This is one situation where logarithmic scales shine. The range of stuff we want to graph is between 10^-5 and 10^5; as said before, this is 10^10 worth of stuff: you need 10^5 stuff to get from 10^-5 to 10^0, and then another 10^5 to get from 10^0 to 10^5. Iinstead of dividing this huge range into ten even chunks, why not use the ten exponents as the tick marks? This would give us, starting from the botton: -5, -4, -3, -2, -1, 0, 1, 2 ,3, 4, 5 (which is eleven ticks, but that's ok). The mosquito wing (0.00001 = 10^-5) would correspond to the -5 tick, the conversation (0.001 = 10^-3) with the -3 tick, the jack hammer (2 = a bit more than 10^0) with the 0 tick, and the nuclear explosion (100000 = 10^5) with the 5 tick. In this scale we can visually see that the jack hammer is halfway between the mosquito wing and the nuclear explosion, which makes pretty good sense.

So what exactly did we do there? If you notice, the stuff between ticks is not evenly distributed: the farther you go up (on the vertical scale; or to the right, on a horizontal scale) the more "stuff" there is between the ticks. In this case, the amount of stuff between the 0 tick and the 1 tick is ten units (10^0 = 1 and 10^1 = 10); the amount of stuff between 1 tick and 2 tick is almost a hundred units (10^1 = 10 and 10^2 = 100); the amount of stuff between the 2 tick and 3 tick is almost a thousand units (10^2 = 100 and 10^3 = 1000); and so on. The*magnitude* of each tick increases by a factor of 10; this nonlinearity allows us to represent huge numbers with small numbers. In this particular case we used factors of 10, which means our scale was *base-10 logarithmic*.

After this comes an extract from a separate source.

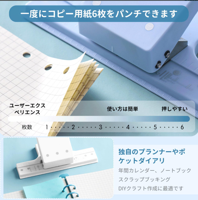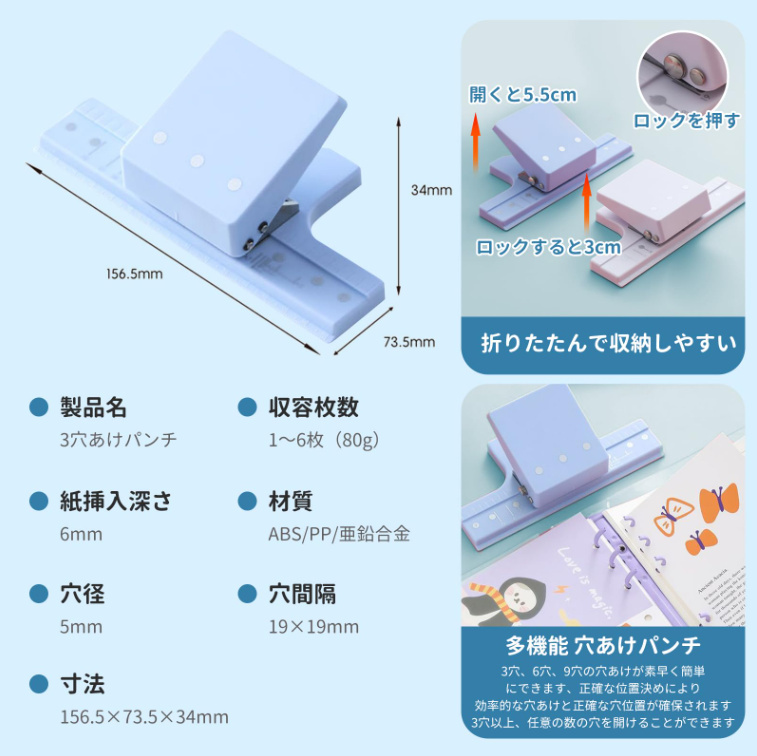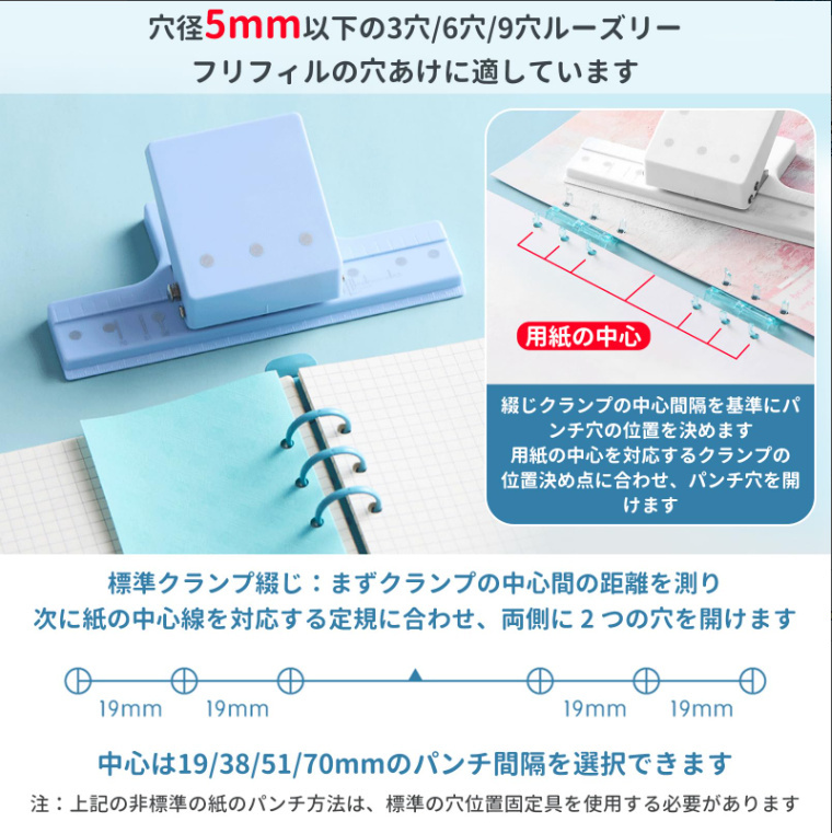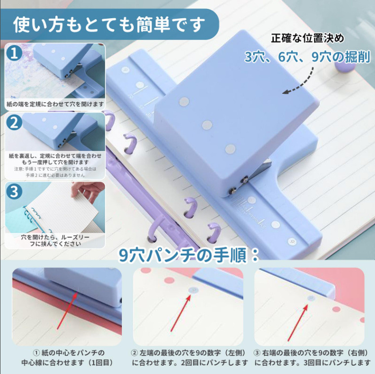 ルーズリーフパンチ 3穴 6穴 9穴 穴あけパンチ 穴あき 穴開け スクラップブッキング用品用 B5 A5 A6 対応 穴径5mm以下 軽量 DIY ノート 手帳作り

Quick and easy math lesson: a logarithm is an exponent. Next time you see the word logarithm or logarithmic, just think to yourself "exponent". For example, what is the base-10 logarithm of 100000? A logarithm is just an exponent, so what exponent of 10 gives you 100000? 5, because 10^5 = 100000. Therefore log(100000) = 5. Simple as that. We can change the*base* of the logarithm, but again, logarithms are all about the exponent. So what is log(8) in base-2? Well, what exponent of 2 gives us the number 8? The answer is 3, because 2*2*2 = 2^3 = 8. Now it should be a bit easier to understand what a logarithmic scale means: it's just a scale based on exponents. And because exponents are multiplicative, they allow us to map a huge ranges of numbers to a much smaller range. This is the essence of the dB.

The other important aspect of the dB is that it is a ratio; it tells us the magnitude of a measurement relative to*something*. So when you read that a preamp has 60 dB of gain, what they're telling you is that whatever level the input signal has, the output signal can have 60 dB more -- the 60 dB is relative to the input signal. We know that the dB is logarithmic (based on exponents), so what does 60 dB mean in linear terms?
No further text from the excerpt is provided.